(This was originally posted up on my other blog, http://feelingfoxy-lifestyle.blogspot.com , on August 17th, 2011. In an attempt to streamline the content on both, this entry has been reposted here.)

Yesterday I had a conversation with someone. I told her I was writing a play about a prison psychologist who is counseling an inmate. She asked if I had any experience with any of that. Of course I had to say no-I have never been a prison psychologist, a student of psychology, a prisoner, or a murderer.

One of the great tenets of writing has always been to write what you know. But, if we all wrote about what we knew we wouldn’t have half the books that we do. I’m sure there’s someone out there who knows what it’s like to fight the greatest dark wizard of all time or fall in love with a vampire. But that person isn’t J.K. Rowling or Stephanie Meyer. Rowling doesn’t know what it’s like to fly on a hippogriff any more than Meyer knows what it’s like to give birth to a half-vampire baby. Orson Scott Card (Ender’s Game Series) doesn’t know what it’s like to be a child soldier training in space or the savior of the human race. Jodi Picoult (My Sister’s Keeper) doesn’t know what it’s like to have your parents forcing you to donate your bodily material to your sister. Suzanne Collins (The Hunger Games Series) doesn’t know what it’s like to fight to stay alive in a dystopian world. Bram Stoker (Dracula) didn’t know what it would be like to be a guest of Dracula. George Orwell (1984, Animal Farm) didn’t have a time machine that allowed him to visit the world as it would be in 1984. Agatha Christie (Hercule Poirot, Miss Marple Series) was no renowned criminal investigator. Arthur Conan Doyle (Sherlock Holmes) was a writer, not a detective. Mary Shelley (Frankenstein) didn’t know what it was like to bring something to life that terrified and filled her with shame. Richard Wright (Native Son) never murdered a white girl. Justin Cronin (The Passage) never lived through a vampire apocalypse. Phillip Pullman (His Dark Materials Series) didn’t have a daemon by his side while penned his famous trilogy. Cormac McCarthy (The Road) never wandered through a post-apocalyptic world.

So if these authors didn’t write about what they knew, how did they do it? With time, research, and where research failed, imagination. And of course, an understanding of the human condition.
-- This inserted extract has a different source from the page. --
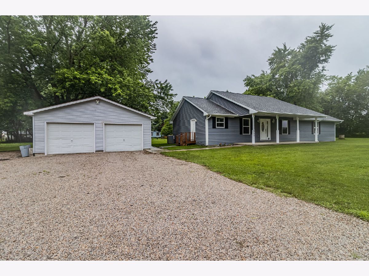 Newly constructed home built at the edge of Mansfield with either a quick 20 minute drive via interstate to Champaign or 30 minute drive via interstate to Bloomington, situated an over one half acre parcel featuring three bedrooms including a master suite with spacious walk-in closet, double vanity and built-in linen, an additional sparkling full bath, an office with beautiful hardwood flooring with a closet (that could be the fourth bedroom), lovely quality cabinet-filled kitchen with all appliances staying, center island, pull out double garbage, double tray utensil drawer, soft close drawers and cabinet doors, and a laundry room that houses the 98% efficient furnace and water heater, additional storage, pull down attic access with added insulation. There is a detached oversized two-car garage and a very spacious (24' x 10') covered deck overlooking the serene, peaceful, and private backyard. Additional features: underground downspout system, 4' deep crawlspace with 3" of gravel and heavy vapor barrier, lighting, and a dehumidifier. Impeccably clean and ready to move in.

To write a great novel or series of novels, you need not have traveled far and wide or seen great things. You simply need to understand what it is to be alive. That’s all characters need, wherever they be. Life.

2 Comments on “The Merits (or lack thereof) of Writing What You Know

  1. When I think “write what you know” I don’t relate it in quite the same way. I may not have ever been a vampire but I have taken soup through a straw and felt the viscous fluid enter my mouth, roll across my tongue and slide down my throat. That experience can be related to a vampire sucking blood from a character.
    If I’m going to make a character believable, I include things like that, which we have all experienced, and that makes it all much more real for the reader. You are right, you don’t have to be a plumber or a doctor to write about one.

  2. I usually think “write what you like.” To me, “write what you know” means finding an emotional truth. I’m not dissing finding the right, honest core to a story, but I find it much more pleasurable to write about what I like to write about, and, usually, the emotional truth comes with it.